— Aim of the task —
In your copy, repeat each record exactly and include no pictures.

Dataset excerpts
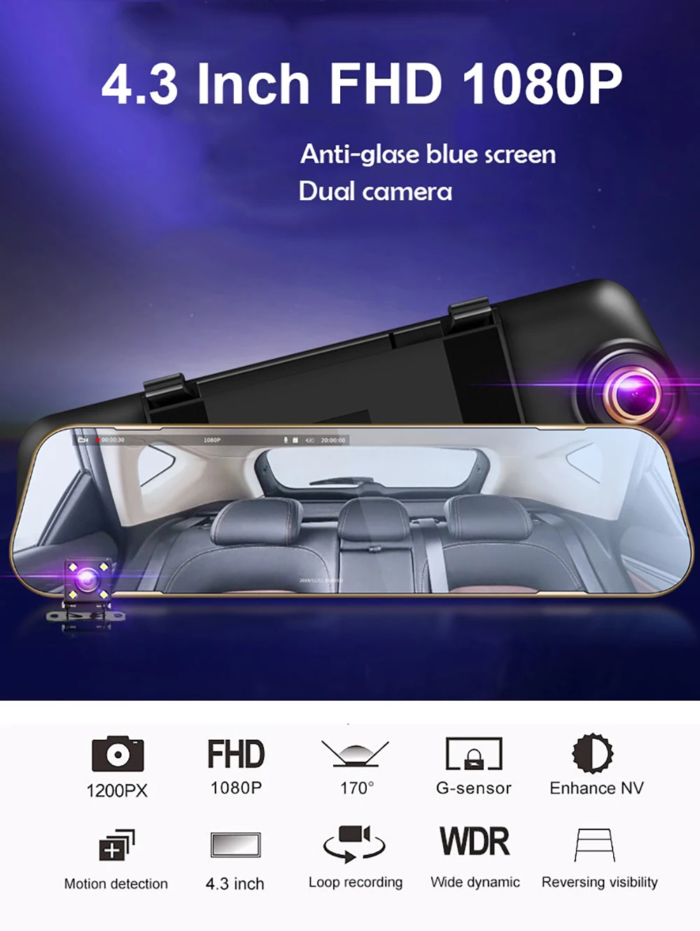 Видеорегистратор на зеркало заднего вида, 4,3 дюйма, 1080P, Full HD
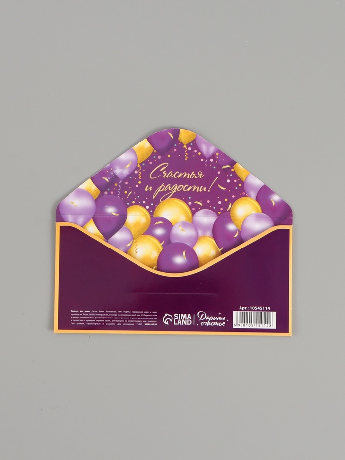 Конверт для денег «С днём рождения!», подарки и шарики, двусторонний, 16,5 x 8 см — Характеристики
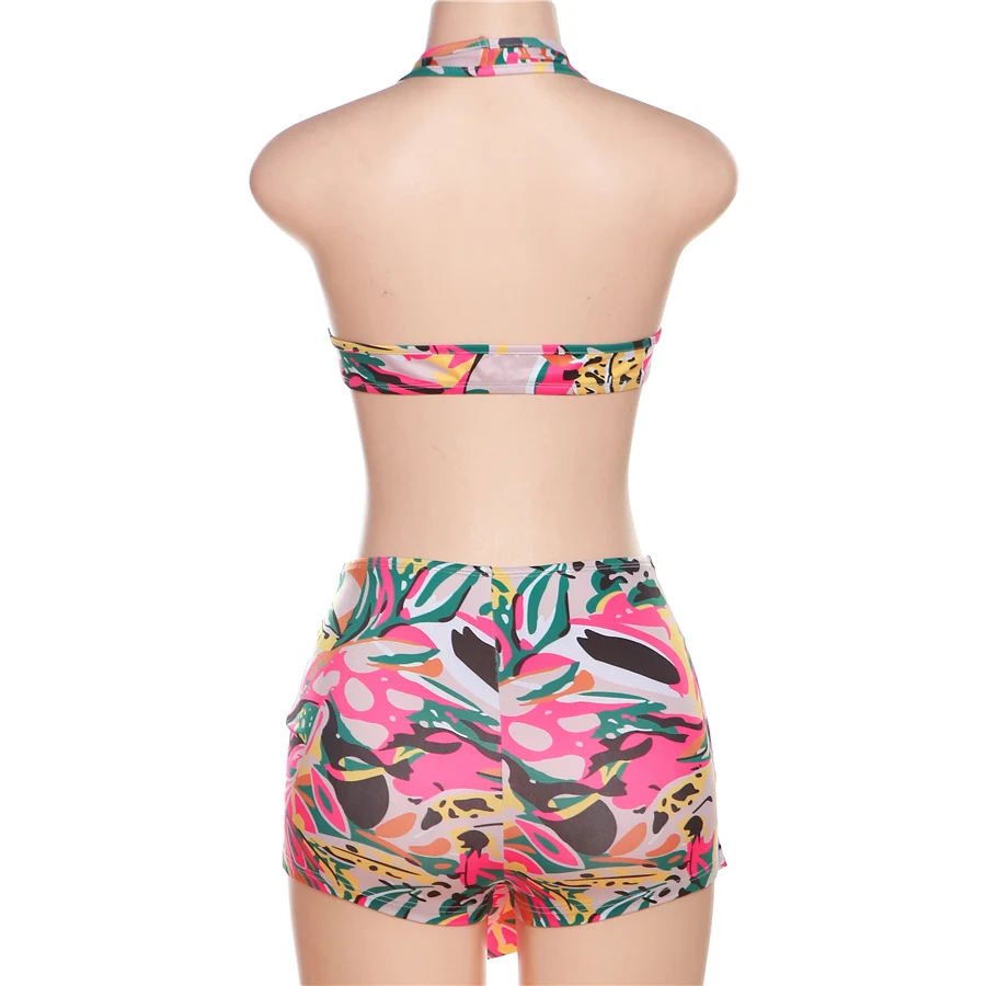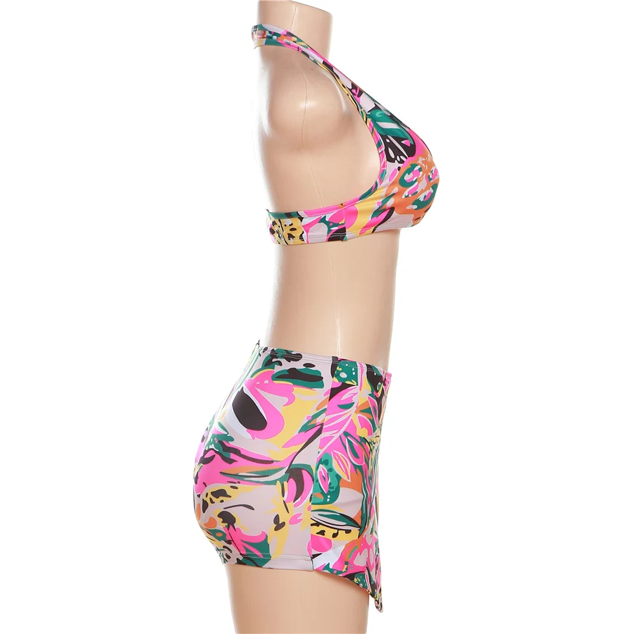 29478 Trend 2023 Block Color Knitted Short 2 Piece Outfit Lounge Wear Women Two Piece Short Set
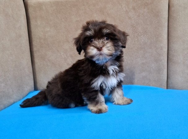 KÜLÖNLEGES, RITKA CSOKI KISFIÚ, NESQICK!!! Diamond Mini Miracle kennelben gyönyörű Bichon Havanese kiskutyáink megszülettek csodaszép törzskönyvezett, tenyészszemlés szülőpártól, kiváló champion vérvonalból. Anyuka szerb kutyus Alice Vimag Dream, az apuka pedig lengyel és cseh vérvonalú felmenőkkel rendelkezik Pearl Eyed Bears Pietro Jackson. A picik jól szocializált, gyermekszerető, végtelenül kedves kiskutyák. Szőrük nem hullik és nem okoz allergiát, azonban rendszeres fésülést igényel. A kiskutyák első oltással, 4x féregtelenítve, chippel, tenyésztői szerződéssel lesznek hazavihetőek, március 14-től 8 hetesen. Igény szerint törzskönyv és útlevél igényelhető. A szülők rendelkeznek egészségügyi szűrővizsgálattal, patella teszttel, így minimális az esélye hogy ezt a leggyakrabban előforduló fajtabetegséget a picik örökölték. Kennelünk a nébih által nyilvántartott felír és regisztrációs számmal is rendelkezik! Látogasson el honlapunkra ahol további fotókat és videókat talál a kiskutyákról, a szülőkről, illetve kikerült kiskutyáink is megtekinthetőek a Gazdi Fotók menüpontban: www.diamondminimiracle.freewb.hu Ár törzskönyvvel: 250.000Ft Ár törzskönyv nélkül: 180.000Ft Érdeklődni lehet telefonon: +36 20 33 721 33
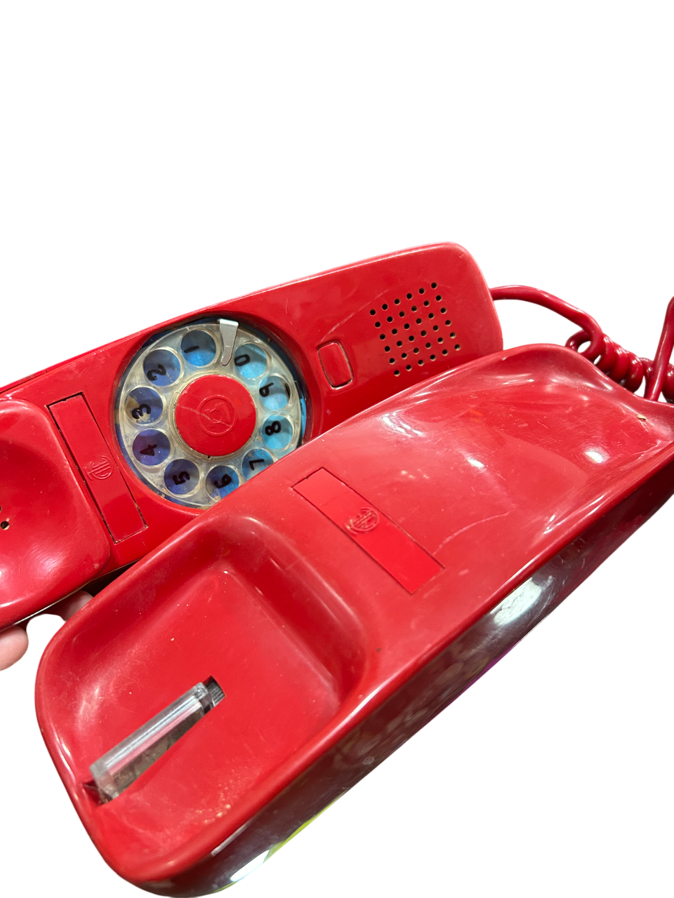 Clásico teléfono rojo con disco giratorio, ideal para decorar con estilo vintage y añadir un toque nostálgico a cualquier espacio.

— Response below —
 Видеорегистратор на зеркало заднего вида, 4,3 дюйма, 1080P, Full HD
 Конверт для денег «С днём рождения!», подарки и шарики, двусторонний, 16,5 x 8 см — Характеристики
 29478 Trend 2023 Block Color Knitted Short 2 Piece Outfit Lounge Wear Women Two Piece Short Set
 KÜLÖNLEGES, RITKA CSOKI KISFIÚ, NESQICK!!! Diamond Mini Miracle kennelben gyönyörű Bichon Havanese kiskutyáink megszülettek csodaszép törzskönyvezett, tenyészszemlés szülőpártól, kiváló champion vérvonalból. Anyuka szerb kutyus Alice Vimag Dream, az apuka pedig lengyel és cseh vérvonalú felmenőkkel rendelkezik Pearl Eyed Bears Pietro Jackson. A picik jól szocializált, gyermekszerető, végtelenül kedves kiskutyák. Szőrük nem hullik és nem okoz allergiát, azonban rendszeres fésülést igényel. A kiskutyák első oltással, 4x féregtelenítve, chippel, tenyésztői szerződéssel lesznek hazavihetőek, március 14-től 8 hetesen. Igény szerint törzskönyv és útlevél igényelhető. A szülők rendelkeznek egészségügyi szűrővizsgálattal, patella teszttel, így minimális az esélye hogy ezt a leggyakrabban előforduló fajtabetegséget a picik örökölték. Kennelünk a nébih által nyilvántartott felír és regisztrációs számmal is rendelkezik! Látogasson el honlapunkra ahol további fotókat és videókat talál a kiskutyákról, a szülőkről, illetve kikerült kiskutyáink is megtekinthetőek a Gazdi Fotók menüpontban: www.diamondminimiracle.freewb.hu Ár törzskönyvvel: 250.000Ft Ár törzskönyv nélkül: 180.000Ft Érdeklődni lehet telefonon: +36 20 33 721 33
 Clásico teléfono rojo con disco giratorio, ideal para decorar con estilo vintage y añadir un toque nostálgico a cualquier espacio.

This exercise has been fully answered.